Another important aspect of Santo Nino’s social mission is its social life. “A Hispanic parish is a very social parish,” Fr. Schwahn said, “And part of the culture is the celebrating of life activities, be it sacramental events in one’s life, or religious events during the year. The whole idea of fiesta and celebrating life’s activities with a party is really an essential part of Latin culture.” These celebrations include religious observances like the Dia de los Muertos, or “Day of the Dead” – known as “All Souls’ Day” in English – and cultural celebrations like a Cinco de Mayo dance.

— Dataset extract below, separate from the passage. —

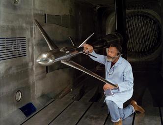 | Keywords: langley transport model transportmodel w.l. jones national transonic facility wljonesnationaltransonicfacility NASA technician W.L. Jones inspects a transport model Pathfinder I between test runs at Langley's National Transonic Facility (NTF). The stainless steel model is representative of the next generation of subsonic transports. With the help of super-cold nitrogen and high pressure, the NTF is the first major wind tunnel that can simulate full scale aerodynamic flight conditions. NASA technician W.L. Jones inspects a transport model Pathfinder I between test runs at Langley's National Transonic Facility (NTF). The stainless steel model is representative of the next generation of subsonic transports. With the help of super-cold nitrogen and high pressure, the NTF is the first major wind tunnel that can simulate full scale aerodynamic flight conditions. |

Though the congregation is of predominantly Mexican origin, it includes worships from all over Latin America. The two congregations, although they co-exist with the relative autonomy of roommates, make a point of worshipping together. “All of the major religious celebrations are celebrated as one community, which I think is really important,” Fr. Schwahn said.

Fr. Teska is also enthusiastic about the vitality of the mission within his parish building. “It seemed to all of us,” he recalled, “that when the opportunity arose to incubate a Spanish-speaking Episcopal church, that this was really a call from God.”

La Mision el Santo Niño Jesus continues as a congregation of the Episcopal Church in Minnesota, now sharing space with a Lutheran congregation. It had 180 baptized members in 2020. The diocese also now has Latino ministries in two other congregations, in Richfield and Mankato. Saint Paul’s on the Hill closed in 2015.